2018 - Galerie Hegemann, Munich, Germany, Contempo, Group Exhibition

2017 - Jonathan LeVine Gallery, New York, USA, The Shape of Things to Come, Group Exhibition

2016 - CONTEXT Art Miami, Miami, USA with Corey Helford Gallery

2016 - Corey Helford Gallery, Los Angeles, USA, Group Exhibition

2016 - Galerie Hegemann Gallery, Munich, Germany (Two man show with sculptor Michael Pickl)

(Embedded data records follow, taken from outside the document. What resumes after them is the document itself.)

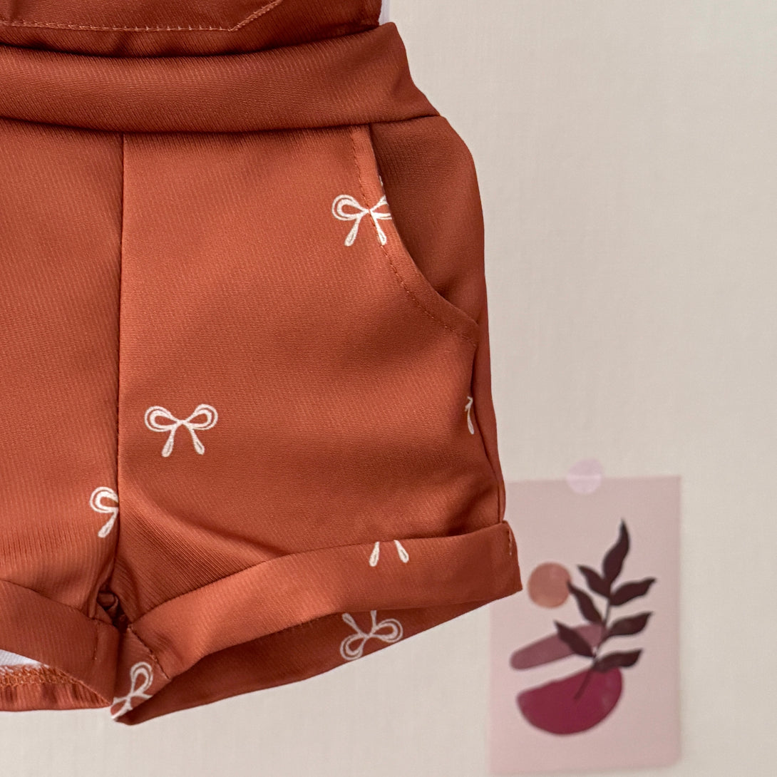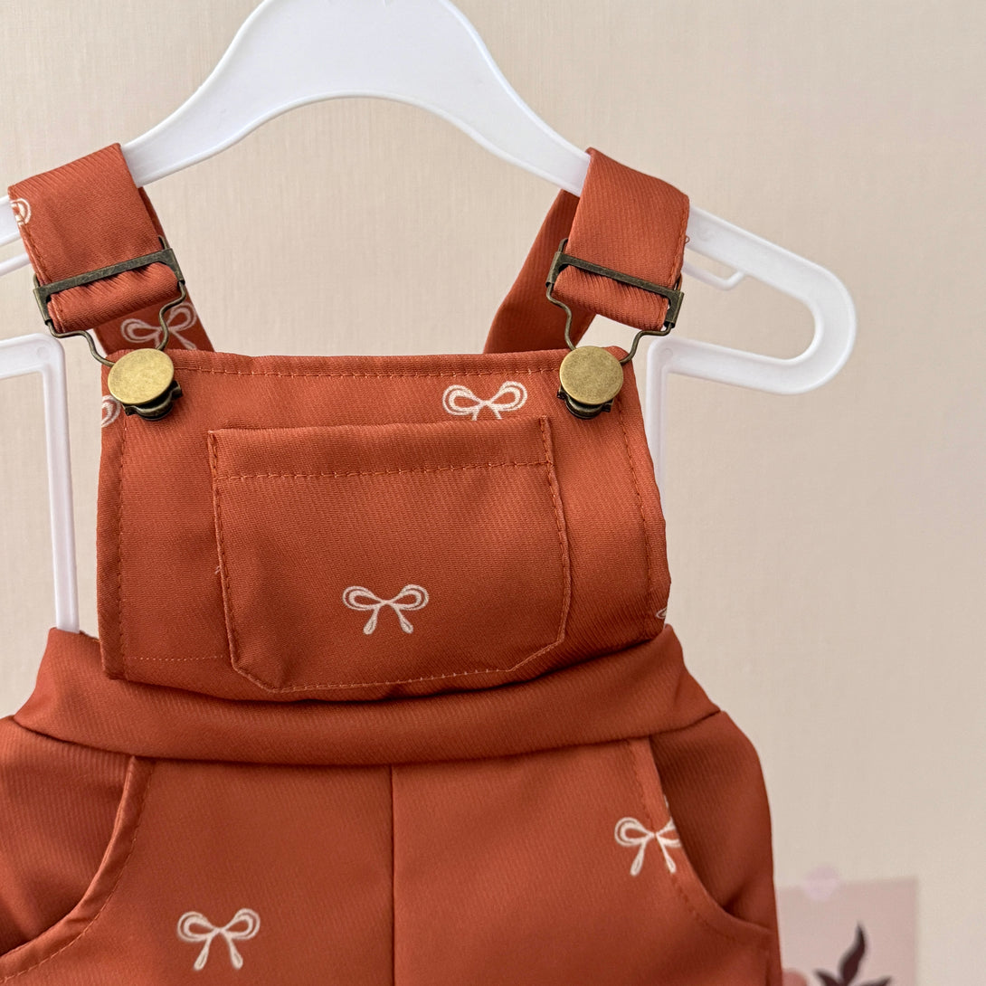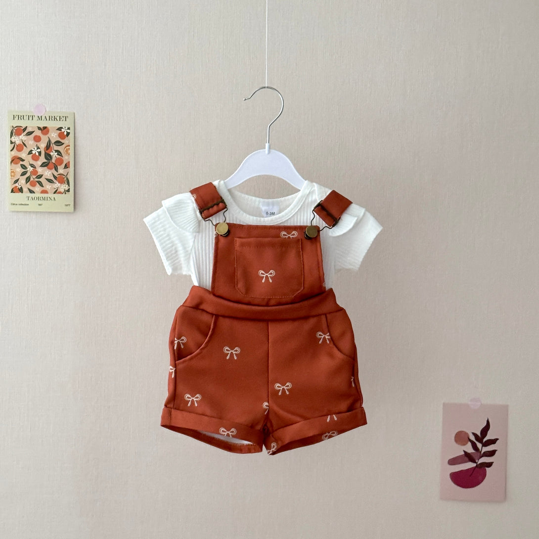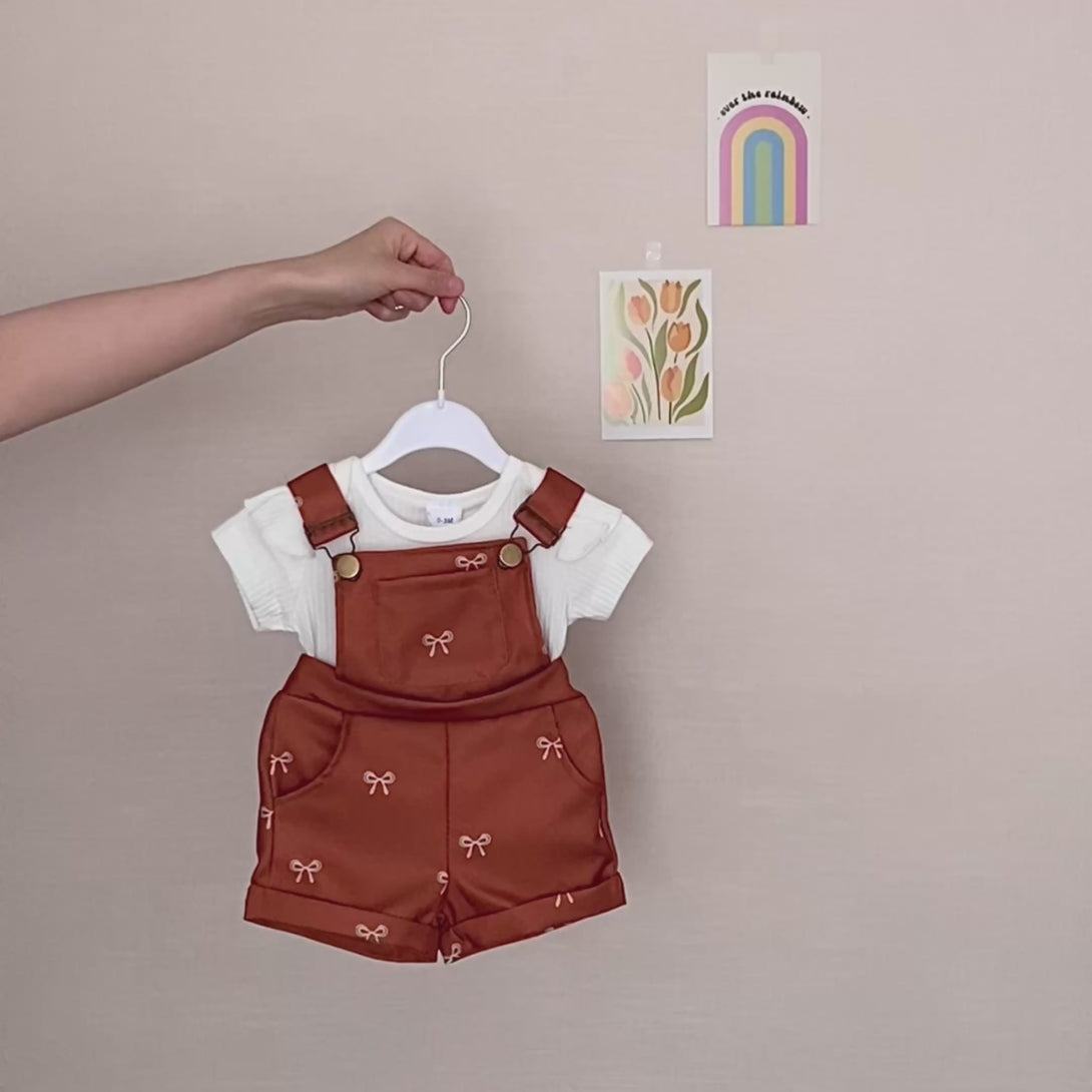 This baby outfit combines a white rib knit bodysuit with flutter sleeves and brown colored overalls. The overalls have adjustable straps, bow patterns, and cuffed shorts. Made of soft, durable materials, perfect for any baby occasion.
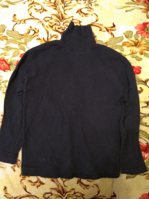 Гольф темно синего цвета.Замеры: длина 45 см,ширина 34 см, рукав от плеча 38 см.
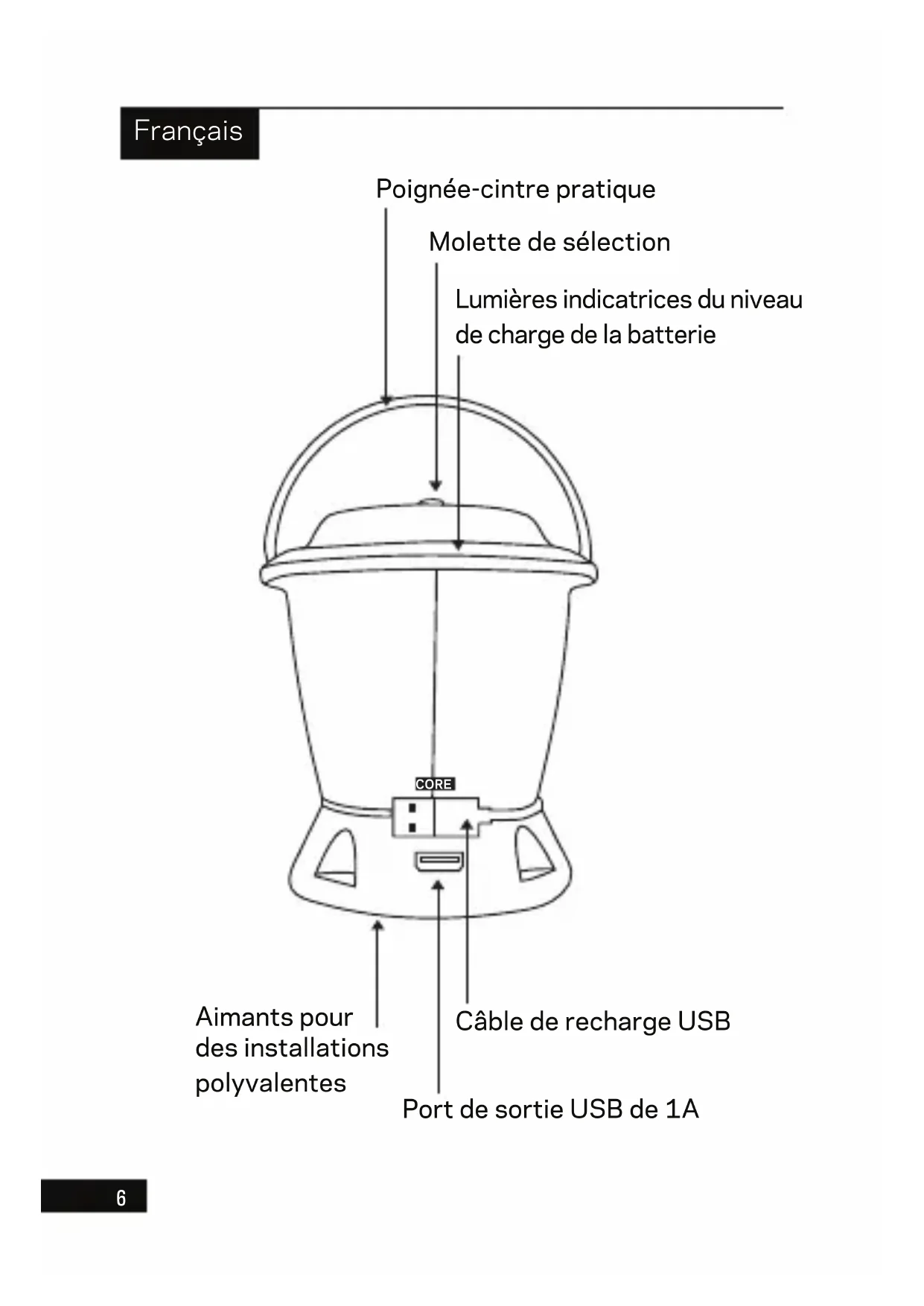 | Type de produit | Lampe de camping rechargeable |

2016 - Gormleys Fine Art, Dublin 2, Ireland, Far from the Crowd, Solo Show

2015 - Rarity Gallery, Mykonos, Greece, Group Exhibition

2014 - Oblivious, Coates & Scarry, Mayfair, London, U.K. Solo Show

2014 - Quantum Contemporary Art, Art Wynwood, Miami, Florida

2013 - Coates & Scarry, Philadelphia Street Gallery, Bristol, UK, Group Exhibition

2013 - Stroke Urban Art Fair, Coates & Scarry, Munich, Germany

2013 - Trailblazers, Above Second Gallery/Coates & Scarry, Hong Kong, Group Exhibition

2013 - Sanguine, Elisabeth Weinstock and Coates & Scarry, LA, California, Group Exhibition

2012 - Rarity Gallery Summer Salon Show, Mykonos, Greece, Group Exhibition

==Acknowledgments==

===Commissions & Awards===
- London Lives 2010 competition - Silver Medal Awarded
- The Royal Society of Portrait Painters regularly selects Cox for their annual exhibitions at the Mall Galleries in London since 2007.
  - In 2010 his submission of "The Irrepressible Charlie Stock" is selected and reviewed by The Independent.
  - In 2012 his submission of commissioned portrait of "Carlos Acosta", is selected and reviewed by the Daily Telegraph and The Argus.

===Contributions===
- "Fagan's Fortune" by Nigel Cox was donated and auctioned for the Terrence Higgins Trust at The Lighthouse Gala Auction in March 2007 alongside Tracey Emin and Damien Hirst. This event held at Christie's annually raises funds for this charity, attracting London's fashion set.